3 min read

AUGUSTA – Litter on the ground, underwater and even in fish bellies is fast becoming a big problem across the state.

It’s also a health hazard, may diminish angler catch rates associated with seasonal fisheries, and could spawn legislation. It could also prompt a nationwide effort by fake bait makers to manufacture inexpensive biodegradable lures.

“If anglers demand it, the market will respond,” Scott Davis, a fisheries biologist with the Maine Department of Inland Fisheries and Wildlife in Sidney, stated recently in a report.

Litter problems at boat sites usually involve discarded plastic worm containers, sandwich bags and budget-beer cans, according to MDIF&W public relations representative Bill Pierce in Augusta.

“A lot of anglers do try to police their brethren. It’s better than it’s been in the past, but I still see worm containers and beer cans around access points on a regular basis,” he said by phone on Friday.

Whether it’s being dumped on the ground or washing ashore from boat anglers, he couldn’t say.

“It’s sad that worm containers, sandwich bags and beer cans are still being tossed. There’s been no slowdown in worm containers. It’s amazing, because every worm container has a ‘Please Don’t Litter’ message on them, which is a little ironic,” Pierce said.

Like Pierce, Maine Guide Rocky Freda of Bethel and MDIF&W spokesman Mark Latti said they’ve both seen and picked up trash left behind by some anglers.

Freda said Thursday afternoon that he collects about one or two trash bags of litter a week at boat-launch sites along the Androscoggin River. He also gives a litter bag to each client who takes a boat out on waters.

“I always see worm containers or cigarette butts, or beer bottles and beer cans. It’s an unfortunate truth,” Latti said Friday afternoon by phone in Augusta.

Soft plastic

Regarding soft plastic baits, Pierce, Latti and Davis referred to a newly completed draft study by MDIF&W fish pathologist Russell Danner in Augusta.

“Plastic baits are very effective and consistently used in bass waters, but they’re causing problems in salmonids,” Pierce said of salmon and trout species.

Danner’s work revealed that brook trout that eat soft plastic lures suffer significant weight loss, substantial decreases in body condition factors, and tend to stop eating.

“The composition of the plastics makes them a dangerous pollutant to the environment,” Danner said. “Plastics get their resiliency and flexibility from plasticizers, which include phthalates, chemicals known to cause several health problems.”

Among these, are, tumors and reproductive problems in rats from prolonged chronic exposure and chemical imbalances in several tissues and organs including the liver. These chemicals also contribute to the global decline of amphibians and affect human reproductive health, the study states.
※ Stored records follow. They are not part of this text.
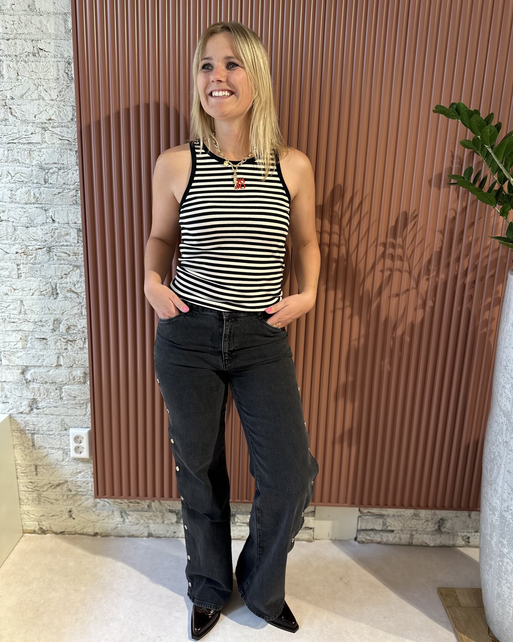 • Gestreepte tanktop met monogram
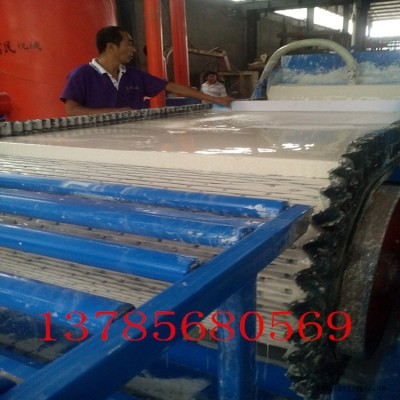 硅質(zhì)板設(shè)備同步完成發(fā)泡、固化、覆膜過(guò)程。面層軋壓設(shè)備用于將面層材料軋壓成設(shè)計(jì)所需要的花紋或圖形;反應(yīng)灌注機(jī)用于A料、B料按工藝要求的比例計(jì)量混合;移動(dòng)澆注機(jī)用于將混合的AB料及泡沫以往復(fù)移動(dòng)的方式覆蓋在下層面材上;層壓機(jī)上下各一臺(tái),用于原料在上下層移動(dòng)鏈板間固化、定型;熱風(fēng)循環(huán)裝置用于層壓機(jī)內(nèi)部的加溫;貼側(cè)邊紙和側(cè)邊輸送機(jī)用于板材測(cè)邊擋料,修邊機(jī)用于改性EPS防火保溫板板兩側(cè)修邊;自動(dòng)跟蹤機(jī)用于將板材切斷成定長(zhǎng);生產(chǎn)方式為連續(xù)不間斷,生產(chǎn)效率高,產(chǎn)品質(zhì)量穩(wěn)定,板材密度均一。
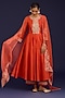 Orange Silk Chanderi Sequins Embroidered Anarkali Set
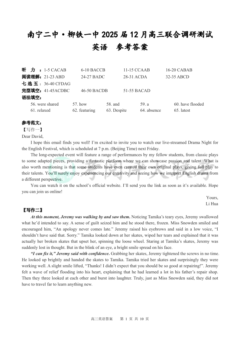 广西省考阅评•大联考南宁二中•柳铁一中2025届12月高三联合调研测试英语答案
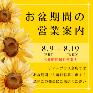 🐬︎ディープラスはお盆も休まず営業いたします🐬︎
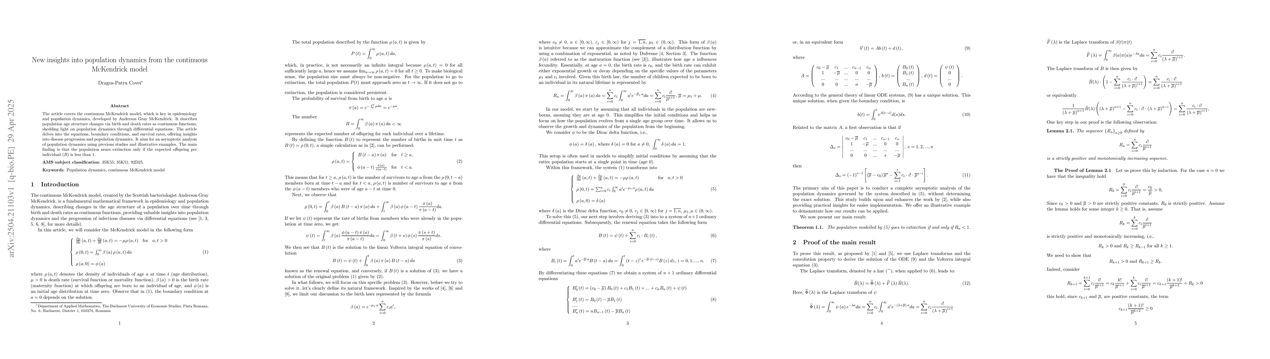 The article presents an asymptotic analysis of population dynamics using the McKendrick model, providing a clearer understanding of extinction criteria.
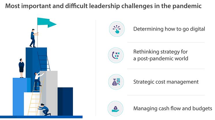 På frågan om att ranka de största utmaningarna på en skala från ett till fem svarade respondenterna "att hålla anställda fysiskt och emotionellt nöjda" (4,55) och "att gå över till distansarbete" (4,46) bland de tre viktigaste. Hela listan över utmaningar som cheferna står inför omfattade över tjugo punkter. Andra utmaningar som rankades högt var "fortsätta att betjäna våra kunder " (4.48), "hantera vårt kassaflöde och vår budget" (4.44) och "IT-säkerhet" (4.42)
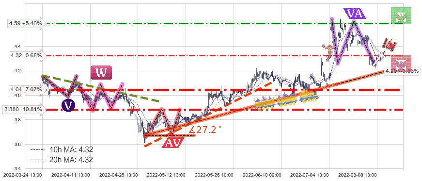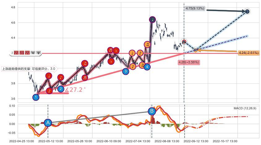 ♘ 阻力价格位4.59,可信任强度55.50%,距离最后交易2022-08-12 14:00形成的收盘价格4.35相差 +5.40%
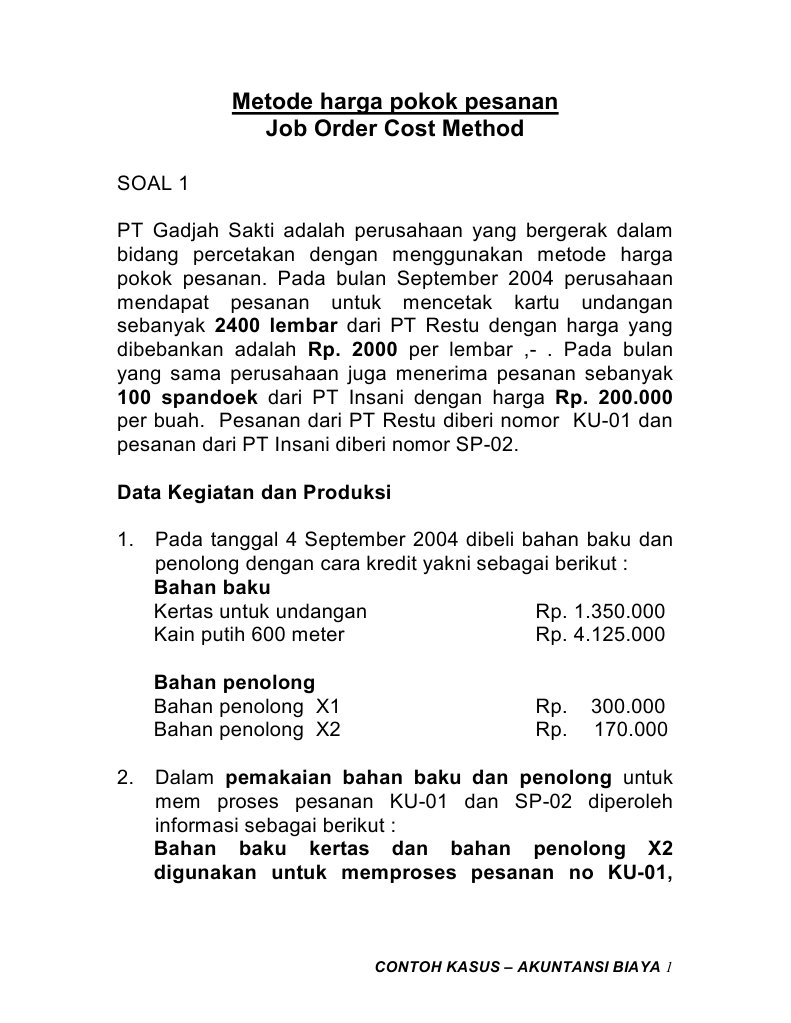 Soal dan jawaban metode harga pokok proses soal nomor 3. Barang dalam proses rp 5475000 persediaan bahan baku rp 5475000 dan jurnal untuk mencatat pemakaian bahan penolong adalah. Untuk menggambarkan penggunaan metode harga pokok pesanan mari pelajari contoh berikut. Metode harga pokok pesanan contoh soal ppt download metoda harga pokok pesanan. Contoh file soal uts lengkap kelas 1 6 sdmi semua mata pelajaran 20162017 berikut ini adalah kumpulan dari berbagi sumber tentang contoh soal akuntansi biaya metode harga pokok proses 2 departemen yang bisa gunakan untuk bank soaldownloadsd dan diunduh secara gratis dengan menekan tombol download. Pt aquana mem produksi air mineral dengan merk fresh.

Not only are trout and salmon getting fake bait off lines, being foragers that will eat just about anything, they’re also eating discarded baits found off the bottom of water bodies.

“Most plastic baits swell and absorb water over time, making them much more difficult to pass through the fish’s digestive system,” Davis said.

In 2003, 25 percent of the stomachs of 56 lake trout harvested by winter anglers on Sebago Lake in Naples contained soft plastic lures, according to state officials.

According to fisheries biologist Francis Brautigam in Gray, one 5-pound lake trout harvested on Mousam Lake in Acton during the winter of 2002 contained 18 soft plastic lures or parts thereof.

“The complaint that most anglers have, is, that it is very displeasing to find soft plastic bait in any fish that they are about to eat,” Davis said.

While legitimate complaints have been raised about the use of soft plastic baits, Davis doesn’t believe evidence to date suggests that plastic baits should be banned.

Instead, anglers should adjust their fishing practices to minimize the amount of soft plastic left behind, he said.

“I think anglers, by and large, are conscious about the environment and I think if they are given something that disintegrates and is of equal price, they’ll use it. But if the government mandates it, it will happen,” Pierce added.